Investment Options For Couples Before They Retire -Case Study

Fund-Matters | September 16, 2018 | Financial Planning, Income, Retirement Planning, Share Market, | 0 Comments

Consider a hypothetical person who is 51 years old and he along with his wife does not have any retirement plan to save for themselves after he retires. Their son has completed his college, and now they have diverted their focus on their own financial future. The husband and wife do not own a retirement plan of their own. However, they have three life insurance policies which are worth $60,000 approximately, and they can benefit from it widely. Now the question that arises is whether they should remove a part of that cash or all of it significantly to buy into ROTH IRA? What should be the right procedure to start saving for after retirement period?

The good part in the above situation is that their son has completed his college. The scenario above does not provide a lot of information on the people or their situation, but to start off their retirement plan and take the very first step, these three points can be of great help. Before we get down to those 3 points, it is essential to have a retirement plan for the future if you are uncertain of it.

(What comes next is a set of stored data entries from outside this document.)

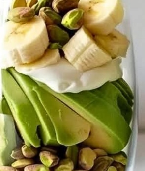 1️⃣ Blend all ingredients – Add banana, avocado, pistachios, yogurt, almond milk, and ice cubes into a blender.
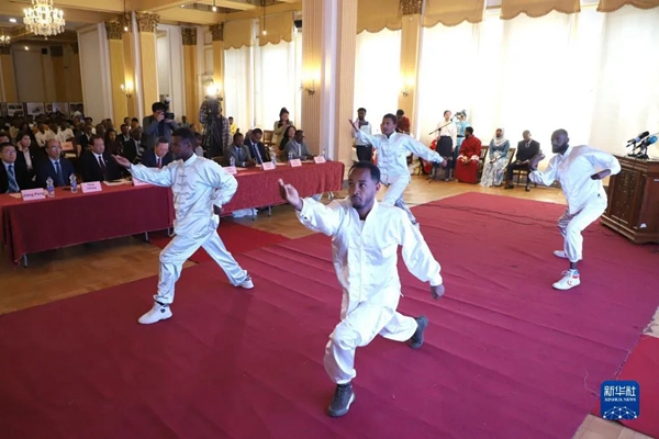12月4日,在埃塞俄比亚首都亚的斯亚贝巴,亚的斯亚贝巴大学孔子学院学生表演中国功夫。新华社发(迈克尔·特韦尔德摄)
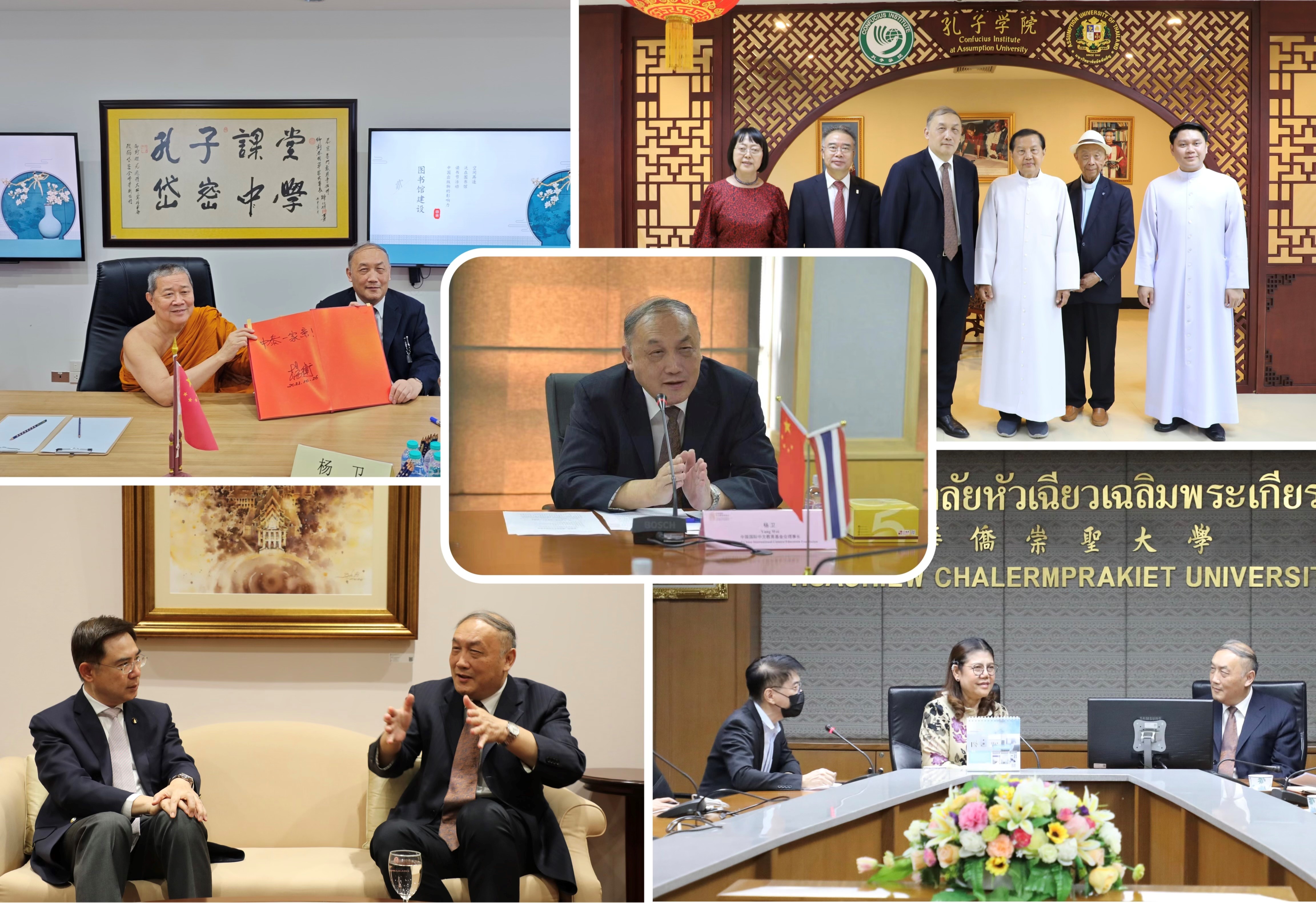 在泰国期间,杨卫理事长访问了5所孔子学院(课堂)的外方合作机构,深入了解相关机构和孔子学院(课堂)建设发展情况。海上丝路孔子学院理事会主席颂德通猜副僧王在泰国具有广泛的影响力,备受泰国社会各界尊敬,他在会见中介绍了设立全球第一所孔子课堂—岱密中学孔子课堂和倡导建立海上丝路孔子学院的经过,他推动中泰教育部门签署了多项合作协议,并表示将继续加强对在泰中文教育和中泰文化交流的支持,以促进“一带一路”倡议、泰国4.0经济发展战略和东部经济走廊战略的深度融合。博仁大学帕塔楠·派琛楚副校长指出,博仁大学正是通过海上丝路孔子学院积极参与到“一带一路”合作倡议中,多年的友好合作证明了无论在国际中文教育还是学术交流合作上,设立孔子学院是学校非常正确的选择。朱拉隆功大学班迪·厄阿鹏校长评价孔子学院的工作取得了卓越成效,为泰国的学习者提供了良好的中文学习平台,在助力中泰交流合作方面发挥了积极作用。华侨崇圣大学邬莱攀校长介绍该校合办的孔子学院以中医为特色,对当地中医专业人员培训和中医文化传播发挥重要作用。易三仓大学班查校长高度赞扬了孔子学院院长和教师们的辛勤工作,并亲自引领工作团参观孔子学院的教学场所。该校为孔子学院师生提供了良好的工作和生活条件。明满学校校务总经理郑双喜先生表示,明满学??鬃涌翁靡源ズ秃胙镏泄幕⑴嘌乱淮形娜瞬盼喝?,通过开展丰富多彩的教学文化活动,孔子课堂已将中文教育辐射至泰国东部地区,成为当地中文教育的知名品牌。杨卫理事长对各合作机构严谨、务实的合作办学态度表示赞赏,对各孔子学院(课堂)取得的成绩予以肯定。基金会将继续和各机构携手,为在泰国的孔子学院和课堂稳健、扎实发展提供支持,为促进中泰多领域合作贡献力量。

  1. First, you need to establish and plan the amount of income that you must have in retirement. It is essential that you know. You can set up the right amount by a certain fraction of the entire budget that you have set. Doing this will lead you to the solutions of four problems:
    1.  How much amount you need to accumulate?
    2.  The rate at which you need to withdraw
    3.  When and
    4.  How long it will live?
  2.  You need to be clear on your budget, the limitations that are set and what other goals do you require to be fulfilled. The set budget will help you in maintaining and stabilizing your lifestyle. It will allow you to cast protection in case of an unexpected event or an incident. You need to consider if you have reliable or essential protection in case of premature death, any physical disability or extreme medical expenses. You must also consider if you have an emergency fund. Also keep in mind the other activities that might require saving like, traveling or buying another house or any other property.
  3. After retirement plan, you must consider where to fund for you so that it is efficient and offers you back what you expect. You need to see if you have an employer plan and if they match a percentage. This not only an efficient method but is also way faster to give a boost to the retirement savings. If you are going for mutual funds, even there are also various options to consider. Analyze the pros and cons of each of them and choose wisely.

 

To get what you need out of this deal, you might even consider working with a financial advisor. We wish you flourishing investments!